Publié le par philippedester

Un pied devant l'autre - Tome 1: Les Fractions complémentaires Format Kindle

Je connais un peu Eric Dupriez, car il a participé à un atelier d'écriture avec moi. 

Il y a quelques mois, j'ai lu et beaucoup apprécié son témoignage sur la cybercriminalité : voir ici

Comme son écriture m'avait plu, j'ai eu envie de découvrir son premier roman "Un pied devant l'autre" dont le premier tome s'intitule "Les fractions élémentaires" et je ne le regrette pas du tout. Je dois même dire que j'attends la sortie du deuxième tome intitulé "Le vol du goéland" avec une certaine impatience tant j'ai envie de retrouver ses personnages auxquels je me suis attaché. 

L'histoire commence bien mal puisque le lecteur assiste, dès le départ, un peu à la manière d'un polar, à l'assassinat d'un couple dont le mari est banquier (ça a de l'importance pour la suite). Si le lecteur assiste au meurtre, un autre témoin existe : Anaëlle, leur fille âgée de 12 ans, voit ses parents se faire trucider devant ses yeux. Elle prend la fuite poursuivie par les bandits. Sa soeur, Elisa, 16 ans, dormait chez une amie. C'est elle qui va découvrir leurs parents morts et sa petite soeur disparue. 

Anaëlle sera sauvée par Dylan, un garçon de son âge. Dès lors, ils ne se quitteront plus et le garçon veillera toujours sur la gamine atteinte de parésie (paralysie partielle ou légère, se manifestant par une diminution de la force musculaire), un sujet que l'auteur connait bien...

La fillette va passer par tous les stades de la catastrophe : le déni, la prise de conscience et l'acceptation. 

Les parents de Dylan se proposent comme famille d'accueil pour recevoir les deux soeurs. Ceux-ci feront tout pour guérir Anaëlle et pour aider Elisa qui, elle aussi a subi un traumatisme. 

L'auteur emmène alors ses lecteurs en baie de Somme, dans le parc de Marquenterre, et dans une longue randonnée sur le GR20 en Corse. Et là, je peux vous dire que le lecteur profite à fond des paysages et de la randonnée si bien décrits par Eric Dupriez. C'est un vrai délice que de voyager avec les protagonistes qui feront des rencontres extraordinaires. 

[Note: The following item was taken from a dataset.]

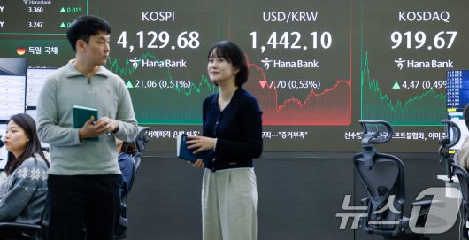 (서울=뉴스1) 안은나 기자 = 26일 오후 서울 중구 하나은행 딜링룸 전광판에 코스피, 코스닥 종가와 원·달러 환율이 나오고 있다. 이날 코스피는 전일 종가와 비교해 21.06포인트(p)(0.51%) 상승한 4129.68로 거래를 마쳤다. 코스닥은 전일 대비 4.47포인트(p)(0.49%) 상승한 919.67로 마감했다. 서울외환시장에서 달러·원 환율은 전일 오후 3시 30분 주간종가 대비 9.5원 내린 1440.3원을 기록했다. 2025.12.26/뉴스1

Si le récit commence mal, le lecteur est plongé ensuite dans un monde de "bisounours". Je dis cela sans moquerie. Les personnages que l'auteur a créés sont, pour la plupart, d'une bonté sans pareille. On est assez loin de l'espèce humaine actuelle ! Mais ça fait du bien de se dire que des gens comme ça peuvent exister. 

Quant aux enfants, ils sont très adultes et leurs propos ne sont pas toujours du niveau des jeunes de cet âge...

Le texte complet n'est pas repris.